Darauf ging Weber in Hausen indirekt ein: „Meine Hauptverantwortung ist in Europa, dort habe ich ein Mandat.“ Aber die Landtagswahl 2028 werde zur „Schicksalswahl für die CSU“: Wenn man Freie Wähler und AfD nicht stoppe, „werden wir einen schweren Stand haben“. Deshalb müsse sich die Partei jetzt positionieren: Das habe er mit dem Brief anstoßen wollen – eine Personaldebatte nicht, wie er auf Nachfrage erklärte.

Freilich kritisierte er in Hausen konkrete Versäumnisse, die es aus seiner Sicht gibt: eine fehlende landesweite Krankenhausplanung etwa. Folge seien unverständliche Einzel-Entscheidungen; etwa dass „das Caritas-Krankenhaus St. Josef zusätzliche Betten genehmigt bekommt, während die Häuser Kelheim und Mainburg Auslastungsprobleme haben“.

■ Martin Huber, Mainburg: „Es freut mich, dass Du diesen Brief geschrieben hast“, sagte der Ex-Kreisrat zu Manfred Weber, denn das sei für Parteichef Markus Söder ein „Schuss vor den Bug“ gewesen: „Er umarmt keine Bäume mehr und postet keine Döner-Fotos mehr“. Er forderte Weber auf, „weiter voranzugehen“ - die Unterstützung der Basis sei ihm sicher.

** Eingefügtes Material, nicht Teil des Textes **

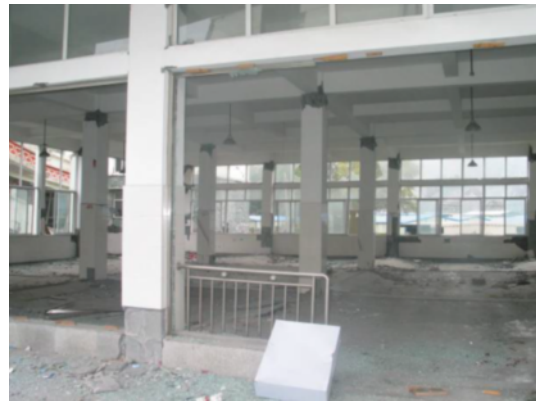
写真 4.2.1.3 写真 4.2.1.2 の内部（柱の柱頭柱脚が曲げ破壊し、主筋の座屈も若干見られた。）
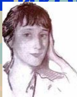
А.Модильяни. Ахматова 1911г.
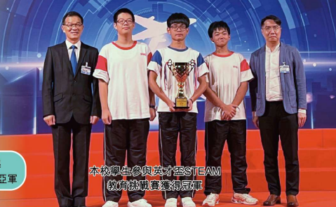
本校學生參與英才STEM教育挑戰賽獲得冠軍

香港航天創新人才培育計劃「益」STEM教育挑戰賽 香港新一代文化協會五十週年會慶系列活動 2024
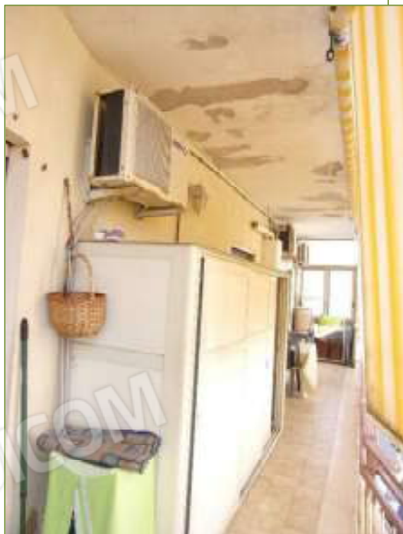
Balcone sul prospetto principale dell'u.i. oggetto di pignoramento.
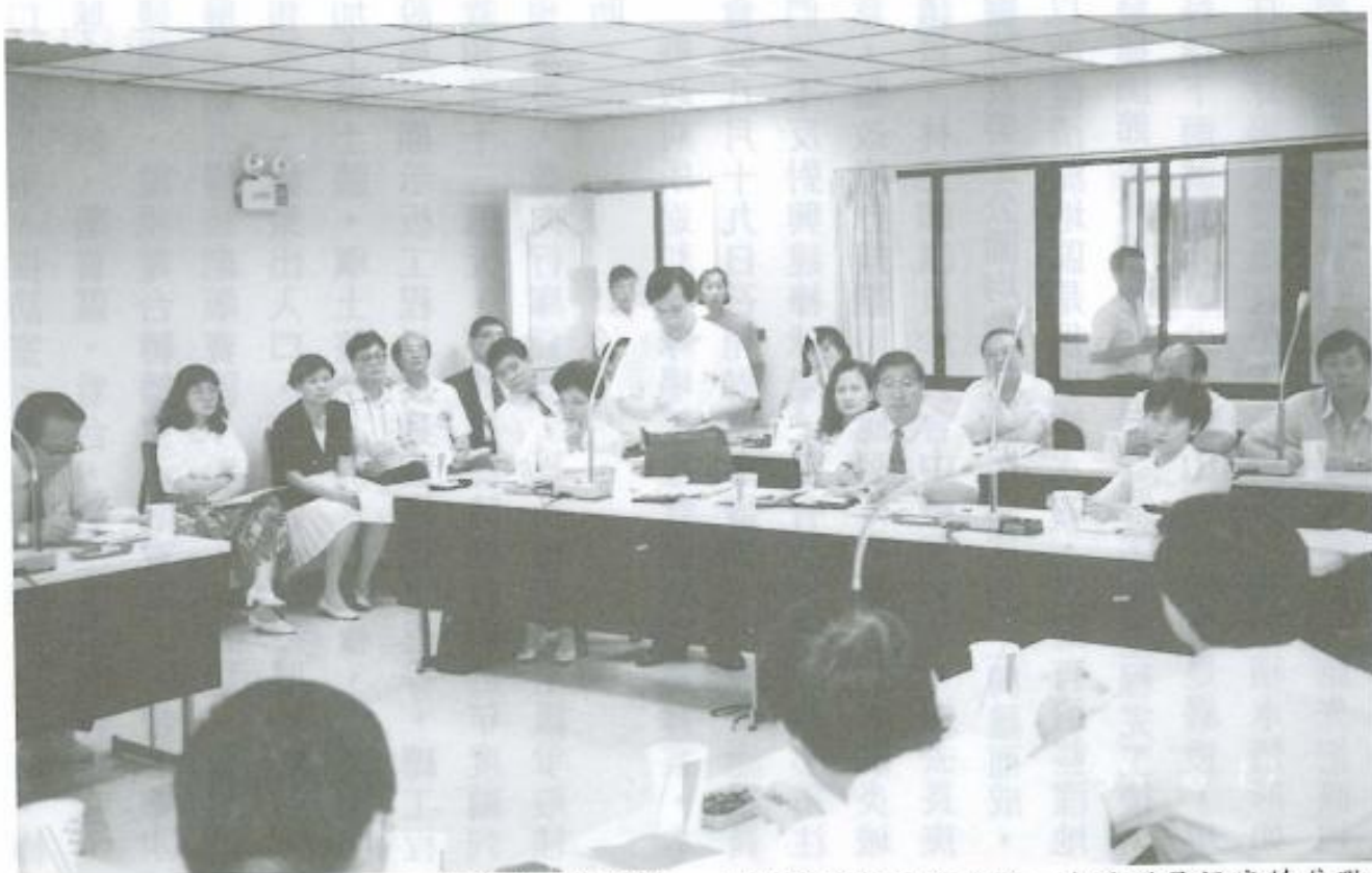
▲颱風來襲期間，剛好遇上議會臨時會開會，有關防範颱風的意見，成為議員提案的焦點。

綜觀此次臨時會，計審查民政類提案十二案、財政類提案九案、建設類提案四十九案、教育類提案八案、保安類提案八案、農業類提案五案、及臨時動議案四十七案，共計一三八案。其中縣政府提案二十五案，議員提案一一五案，及成立十組專案調查小組，可謂成果豐碩，所有議決案，議事組已於大會結束後以最速件，函請縣政府依決議事項辦理。
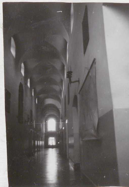
Korytarz I piętra
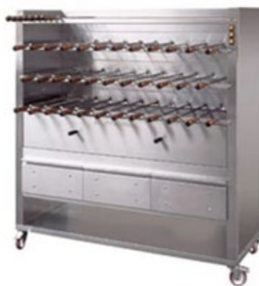
ELANGRILL CM35C ΚΑΡΒΟΥΝΟΥ 35 Ξίφη από ανοξείδωτο χάλυβα 50 cm

Immer noch erbost zeigte sich Huber von Söders erstem Statement nach der Kommunalwahl, wonach einige OB- und Landrats-Kandidaten der CSU eben nicht gut genug gewesen seien.

■ Petra Högl, Volkenschwand: Nach zweimaliger Lektüre des fünfseitigen Briefs hat die CSU-Kreisvorsitzende als Manfred Webers Hauptbotschaft herausgelesen: „Da gibt’s was zu besprechen in der Partei“; nämlich, dass sich die CSU personell und inhaltlich breiter aufstellen müsse. Der Vorsitzende habe denn auch schon reagiert, ergänzt die Landtagsabgeordnete mit Verweis auf Söders „Zehn-Punkte-Plan“ für die CSU. Als Frontalangriff von Weber auf den Parteichef und Ministerpräsidenten wertet sie den „Pfingstbrief“ nicht, erwartet folglich auch keine entsprechende Personaldebatte. Zumal „Manfred Weber uns ja in Europa fehlen würde“.

■ Florian Oßner, Velden: Auch der Bundes-Wahlkreisabgeordnete sieht in dem Brief keinen „Total-Affront gegen die Spitze der bayerischen Staatsregierung“. Oßner erwartet keine „Revolte“, schon „wegen des Zeitpunkts nicht“ : Hätte Weber CSU-Chef Söder herausfordern wollen, hätte er das kurz vor der Präsidiumswahl getan. Der Parteivorsitz steht aber erst 2027 wieder zur Wahl.